Ben and Louis raised their plastic beer cups in a toast without a single glance at one other. Why was he friends with these two again? Oh right. The power of beer had brought them together. Praise be to Heineken. Smug as they were, though, Russell knew humor was their way of showing support. If it wasn’t humor, it would be sympathy, aka dude kryptonite.

“What kind of advice did he give you about us?” Roxy wanted to know, shooting Louis and Ben stern glances.

“Uh-uh.” Russell shook his head. “I’m calling bro confidentiality on you both. That includes pillow talk and supersedes any and all forms of sexual coercion.”

Ben adjusted his glasses. “That reasoning, however, should lend some insight into what you ladies missed.”

Honey leaned across the table and patted Russell’s arm. “It all worked out in the end, big guy. Who knows?
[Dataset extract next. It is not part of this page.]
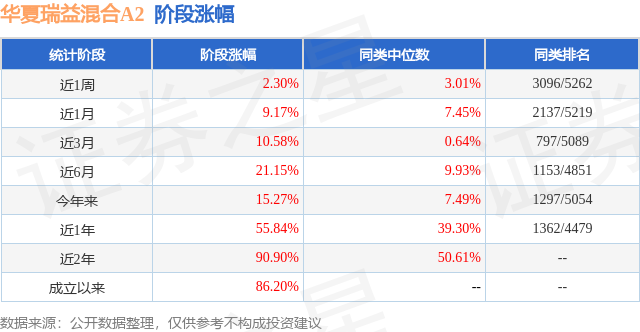 从业绩表现来看,华夏瑞益混合A2基金过去一年净值涨幅为55.84%,在同类基金中排名1362/4479,同类基金过去一年净值涨幅中位数为39.3%。而基金过去一年的最大回撤为-11.77%,成立以来的最大回撤为-21.09%。

You might have had something to do with it after all.”

Russell opened his mouth to respond, but whatever he planned to say withered in its inception because Abby spun in his lap again, sending the world around him into slow motion. A left jab of her scent—which after careful consideration he’d termed white-grape sunlight—caught him on the chin, and he barely restrained the urge to shout oh, come on, at the top of his lungs. Her big hazel eyes were indignant on his behalf, mouth pursed in a way that shouldn’t have been sexy, but damn well was. She’d snapped her spine straight, hip bumping his erection in the process.